È forte la tentazione di riconoscere proprio Valdo in questo racconto. Anche se si dovesse trattare di un’altra persona, ci sarebbe sempre un legame a causa dell’appartenenza di entrambi allo stesso ceto e alla stessa ispirazione religiosa. Possiamo dire, dunque, che negli anni ’70 del XII secolo il modello di Valdo fu presentato ai monaci di Chiaravalle come esempio edificante. Il rapporto fra questo brano e ciò che abbiamo imparato di Valdo dalle altre fonti a prima vista non è pienamente congruente. Il testo ci parla di “esperienze” mistiche, di visioni che avessero fatto credere questo commerciante. Inoltre, questa testimonianza è animata da una forte preoccupazione escatologica, dal timore dell’Ultimo giudizio come forza movente – due elementi che così finora non sono ancora apparsi. Alla fine, questo racconto presenta Valdo non solo come povero, ma molto concretamente come mendicante – come Francesco una generazione più tardi. Questo elemento appare soltanto una delle altre fonti più o meno coeve su Valdo, ossia della “Cronaca di Laon”, una fonte un po’ leggendaria cui si è legato un lungo dibattito di ricerca circa la sua attendibilità (laddove è raccontato che il primo impulso per la conversione di Valdo sia stato legato alla leggenda di San Alessio, cantata da un menestrello). Non dimentichiamo, però, che il versetto Mt 19:21, centrale per Valdo anche secondo altre fonti, ha di per sé un significato escatologico, ovvero la preoccupazione del giovanotto per la propria salvezza. Per questo i rapporti fra l’exemplum di Chiaravalle e le testimonianze esplicite su Valdo sono così forti da postulare fra loro uno stretto collegamento. Ed è sempre l’ordine cistercense a offrire il palcoscenico delle vicende.

Ma quale fu, precisamente, il carattere della vita religiosa e non monastica, iniziata da Valdo negli anni ’70 del XII secolo? Risulta evidente dalle fonti un orientamento biblico, focalizzato  sull’insegnamento di Gesù e basato sull’uso di traduzioni vernacolari, inoltre un progetto di sequela di Cristo concentrato sulla povertà nel senso dell’abbandono della proprietà e di ciò che promette una sicurezza terrena. Almeno parte delle fonti concretizza già queste scelte, affermando che Valdo e i suoi seguaci abbiano praticato il mendicare. Ci si chiede anche quale sia potuta essere l’alternativa, dato che Valdo visse in città e non poté nutrirsi – come un convento cistercense – dal lavoro delle proprie mani. La “Cronaca di Laon” offre la spiegazione che Valdo abbia tentato di mendicare, suscitando con questo in sua moglie un senso di vergogna. L’arcivescovo, poi, gli abbia imposto a mendicare esclusivamente presso sua moglie – il che significa, se è vero, che fu trovato un tipo di compromesso che gli permetteva di vivere da povero, usufruendo al tempo stesso dei beni della sua famiglia.

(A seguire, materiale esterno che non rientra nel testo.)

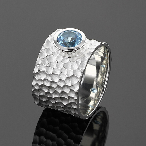 Bandring 13,5 mm breit, Oberfläche feine Lavastruktur, Schiene flaches Band leicht konkav, Fassung AG obenauf, Farbstein 6 mm

Una questione ancora più spinosa e discussa è quella se la sequela apostolica di Cristo praticata da Valdo si sia sin dall’inizio concretizzata anche in un tipo di annuncio evangelico. Possiamo in fondo distinguere nella storiografia due campi. L’uno si basa in particolare sulla “Cronaca di Laon”, che descrive Valdo, nel periodo immediatamente dopo la conversione, come persona completamente concentrata sulla prassi della mendicità. Solo dopo ca. 4 anni egli inizia a pronunciare, in ambito privato ma anche nella sfera pubblica, le sue “ammonizioni”, guadagnandosi così i primi discepoli. Da questo punto di vista si distingue quello di Kurt-Victor Selge e altri, che si esprimono più riservati sull’attendibilità della “Cronaca di Laon” e preferiscono altre fonti secondo cui sin dall’inizio una sorta di testimonianza evangelica faceva parte del suo progetto (in particolare Godafredo d’Auxerre) – e che sia che la concepiamo nel senso di quel racconto contenuto negli exempla di Chiaravalle, secondo cui un ricco che sceglie la vita da mendicante è quasi costretto a renderne ragione.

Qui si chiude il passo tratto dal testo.